The Chinese banks involved include the state-owned Industrial and Commercial Bank of China (ICBC), Bank of China, China Construction Bank, and Agricultural Bank of China which collectively increased their exposure to Russia from $2.2bn to $9.7bn during this period. ICBC and Bank of China were responsible for $8.8bn of these assets, the FT reports.
In comparison, Austria's Raiffeisen Bank, the foreign bank with the largest exposure to Russia that has been very reluctant to leave, raised its assets in the country by over 40%, from $20.5bn to $29.2bn in the same period.
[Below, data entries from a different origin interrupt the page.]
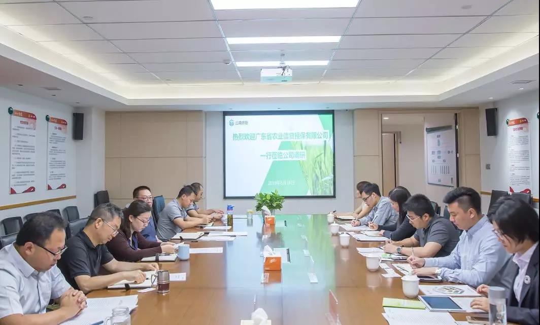 5月16日,廣東省農(nóng)擔公司監(jiān)事張書苑率隊赴云南省農(nóng)擔公司調(diào)研交流。受郭影董事長委托,公司監(jiān)事長高逢旸、副總經(jīng)理廖寅皓、敖成碧率農(nóng)擔一部、二部、綜合部、財務(wù)部、風控部、機構(gòu)部及內(nèi)審部與廣東省農(nóng)擔公司進行了座談交流。
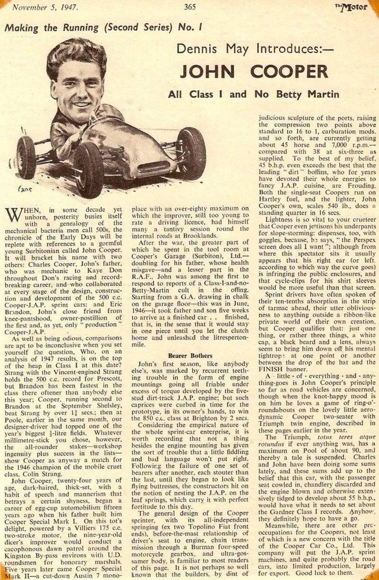 John Cooper生于1923年,他的父亲Charles Cooper经营着一家小型汽车维修厂,专门负责为赛车提供保养维护。年幼的John Cooper就是在各种汽车、配件以及车手、机师的陪伴中度过了自己的童年。15岁时,他便放弃学业,成为了一名机械工厂学徒。第二次大战期间,John Cooper曾以机械师的身份服务于皇家空军。
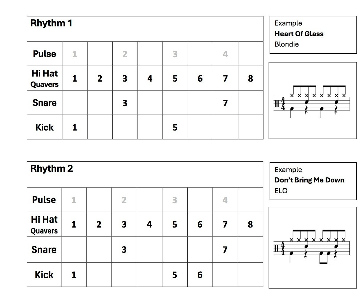Drums By Numbers - a collection of drum rhythms using numbers alongside music notation. During my teaching practice I have found these to be very accessible for beginner pupils as well as those with SEND conditions. Students begin with the number patterns and most eventually make the correlation with the notation and can work with either.
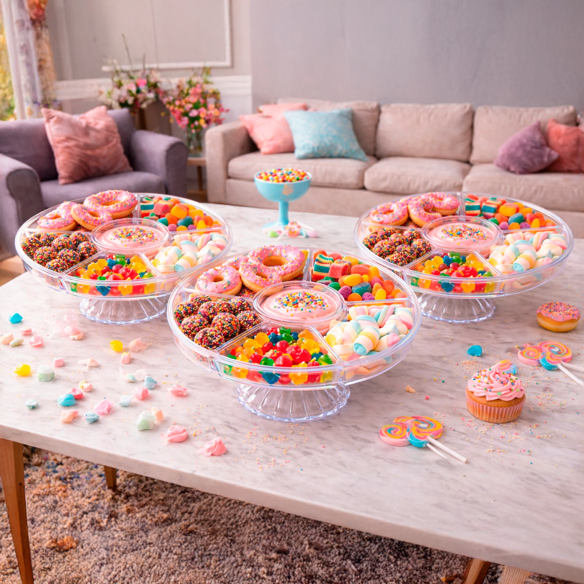 Petisqueira em acrílico luxo, ideal para servir petiscos, fondue, frios, doces, molhos e acompanhamentos com elegância e praticidade. Perfeita para festas, eventos, confraternizações e uso doméstico, valorizando a mesa com um visual moderno e sofisticado.
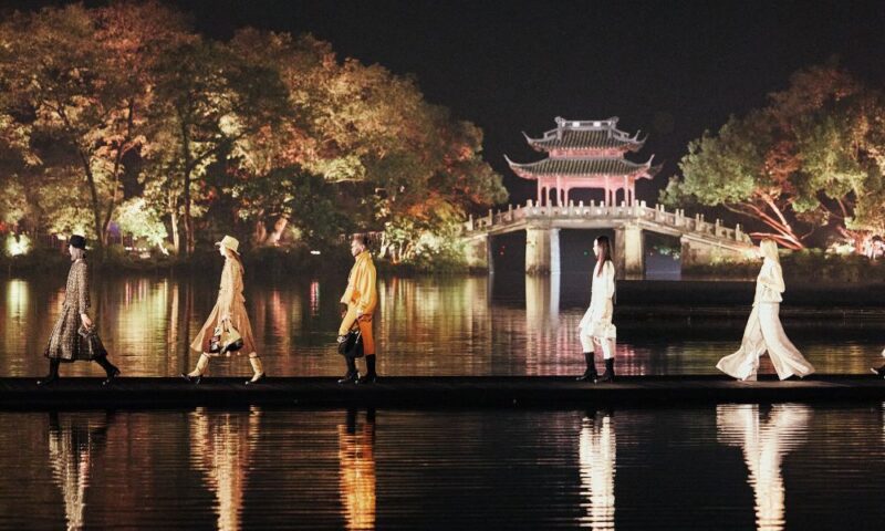 The lake, with serene natural beauty said to have inspired the works of many great Chinese poets and artists, provided a stunning backdrop on nightfall as models walked out on a wooden runway across the water.

Since imposition of the SWIFT sanctions, Russia’s financial system has gone through a rapid yuanization largely replacing the dollar with the Chinese currency in place of where dollars used to be used, particularly in trade and as a sovereign reserves currency. Dollars have already been repunged from Russia’s international reserves and the Central Bank of Russia (CBR) says that the other “toxic currencies” are likely to fall to zero by the end of this year.
Before the invasion, the majority of Russia's export payments were made in toxic currencies like the dollar and euro. However, the renminbi's share has grown to 16% while the proportion of toxic currencies has declined.
Overall, the percentage of Russian banking assets held by foreign lenders dropped from 6.2% to 4.9% in the 14 months leading up to March.